Traditional banking versus digital banking.

Traditional banking, in my opinion, will have to split into its core activities.

What do I mean?

Today it is managed under one large bank which includes all activities under it in divisional units.
In my opinion, there is room to have separate companies/banks.
A commercial bank.
Digital bank.
Bank for private customers – including frontal service stations.
Maintenance, logistics, and technology company – managing all the information, building credit models, service models, and marketing.

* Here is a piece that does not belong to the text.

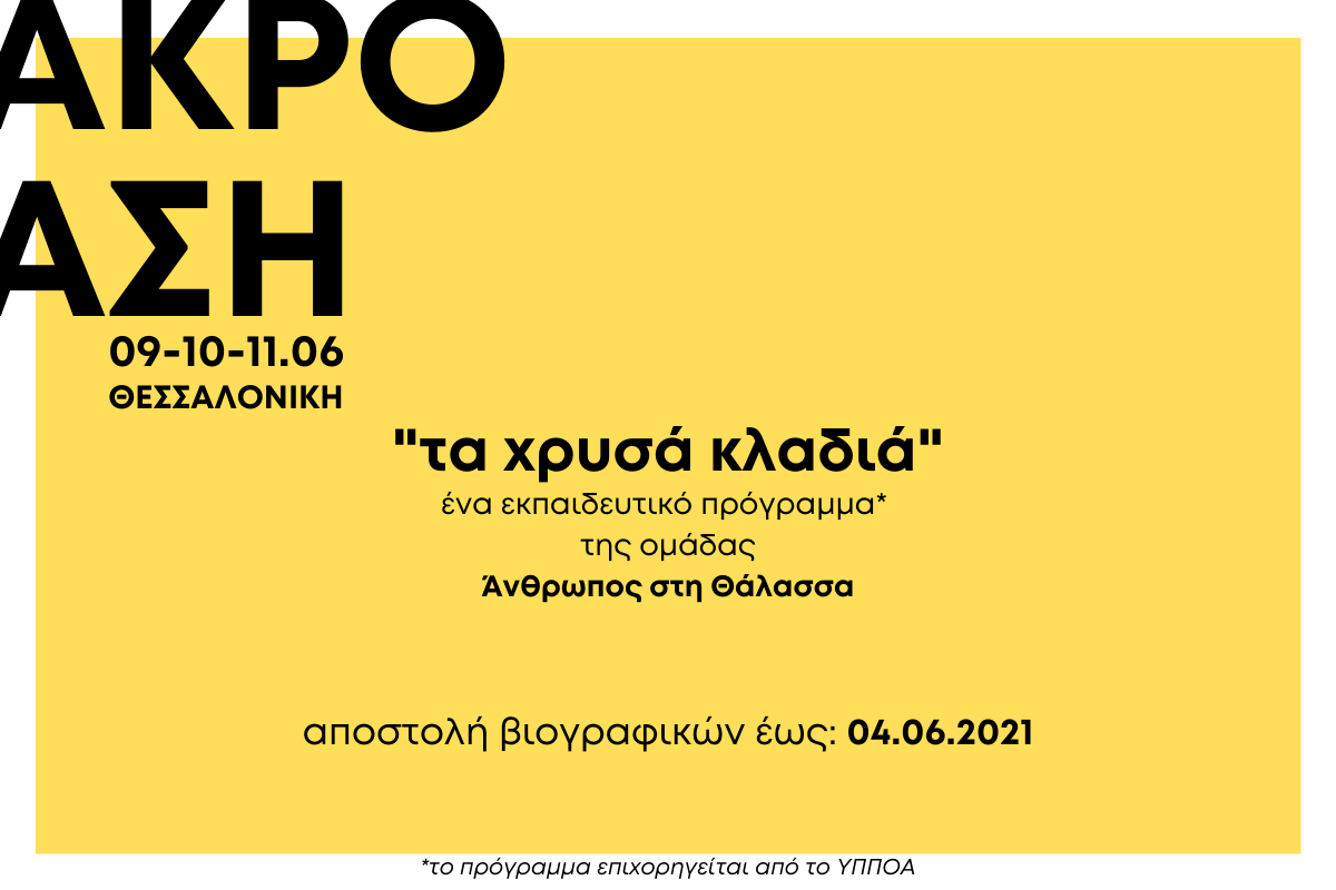 Η θεατρική ομάδα «Άνθρωπος στη θάλασσα» πραγματοποιεί ακρόαση για δύο ηθοποιούς, έναν άντρα και μία γυναίκα, ερμηνευτικής ηλικίας έως 30 ετών, για τις ανάγκες του επιχορηγούμενου από το ΥΠΠΟΑ εκπαιδευτικού προγράμματος «Τα χρυσά κλαδιά» σε σκηνοθεσία Κλαίρης Χριστοπούλου. Το πρόγραμμα απευθύνεται σε παιδιά και εφήβους ηλικίας 10-18 ετών και πρόκειται να παρουσιαστεί σε σχολεία και άλλους πολιτιστικούς χώρους στην Ελλάδα τη σεζόν 2021 – 2022.

This structure will make it possible to fine-tune business activities, streamline processes, and save costs, even though on the face of it autonomous business units lead to the establishment of separate headquarters instead of a single managerial headquarters.
But the main advantage will be getting rid of expensive real estate, which is a significant burden on banks’ expenses since a bank of private customers will be able to find itself in an office building on the second or third floor like any firm that provides service.
Commercial branches are already located in relatively cheap real estate areas, on high floors, with minimal signage, and based on who knows and coordinates a meeting comes.
Gone are the days of garish signage for passersby to come in and open accounts.
Operating units will be rerouted to cheap commercial space and outside the city, Leumi chose the city of Lod to locate the logistics center and management of the Beit Lin units in the center of Tel Aviv, which was sold for a high sum.

So if I summarize the change as I envision it.
Organizational units, in my opinion based on separate companies, with consolidated balance sheets but completely independent entities, leaving cities, and converging into cheap service areas most of them not on zero floors.

On the other hand.
The digital bank shapes itself for private customers, customers who receive high salaries,
and if it stays in this place, it will lose many areas because the customer is a growing customer.
Today’s student who is loss-making in account management is
tomorrow’s soldier, and
tomorrow’s student, segments
on which the profit is simply small – if it exists at all (with all the subsidies).

But that student, will win a lucrative job, become an entrepreneur, and establish a start-up company that will issue and hence significantly extend the profitability from these is high.

You can try to fish for that wealthy client, but at this stage of his life it is much harder than investing in that student, which does require nurturing and raising and patience, but we are not known for patience, let alone strategic patience.

Digital banking must grow to more market segments, develop advanced models for micro-business market segments, and small businesses, specialize in private banking, and find the golden path between quality service and financial professionalism.
It must change the model of customer model, and dive deeper into the depth and expansion of the wallet.
For example, a professional business banker, who will accompany businesses in their place of residence, will have 100-150 such businesses connected to him, his office is his laptop and he will control the geographic area he is appointed to, accompany his core clients and acquire new ones.

Digital banking, sophisticated as it may be, if it provides service only on existing digital platforms, will not, in my opinion, succeed in increasing the market segment, expanding it, and moving from loss to profit.

In conclusion
We are in an interesting business period, on the one hand, traditional banking, like a huge ship, is trying to change its face but quite a few barriers are stopping it, and on the other hand, digital banking, as bold as it may be, is not yet deepening its grip and expanding its market segments to additional financial areas.